Dear Native New Yorker,

Like the rest of my family and all my childhood friends, I have a New York accent. When I was a kid in the '70s, I was determined to be well-spoken and to avoid sounding like Travis Bickle or Bugs Bunny, so I strove to eliminate my accent and enunciate, pronouncing all the Rs in every word, the Ts in Manhattan, the D in sandwich, and so forth.

In my mind, while the Southern accent sounds charmingly courteous, the British accent charmingly quaint, and other regional accents have their own appeal, the New York accent suggests that I have a third-grade education and will pop a cap in your ass. But now that I am grown woman, I am wondering if my childhood self was too hard on the New York accent.

I do a lot of public speaking in the course of my professional life, often addressing large groups in meetings at work, and sometimes I'm interviewed by the media for television or video clips. The accent emerges on certain words, especially those with Os and Rs such as coffee, store, dog, doctor, drawer, professor, here, even New York.

Do people outside of NYC think our accent sounds uneducated? Is it silly and bizarrely self-hating to strive to suppress it in media interviews, or do non-New Yorkers think nothing at all of the accent other than it suggests a New York upbringing?

Sincerely,

A New Yorker Concerned With Non-Rhotic Accent

Dear Non-Rhotic,

Whadda ya tawkin' aboud? You gonna let dese muthafuckas change yous? Fuhgeddaboutit! Ya tell dem come hea-ah an den, you sez to dem: geht da fuck outta heyah!

What I'm trying to say is that changing something as fundamental as the way you speak, just to gain the esteem of others, or to get ahead in your career, is really unzen and ultimately self-defeating.
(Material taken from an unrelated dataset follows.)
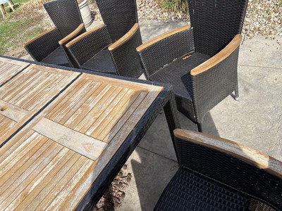 Durability Meets Design: This patio dining set features fade-resistant PE rattan, solid acacia wood, robust umbrella fabric and metal support, which ensure longevity, meaning more memorable outdoor moments year after year. These materials also bring sophisticated design.

This is for a number of reasons: first and foremost, it won't work. You might think you sound like Keira Knightley, but everyone who's listening is still hearing Fran Drescher. New York accents are like that New York garbage smell in summer: no matter how much you try to disguise it with Febreze, it's always going to slip through. So now you just smell like Febreze and rotting city juice—is that really the scent you're going for?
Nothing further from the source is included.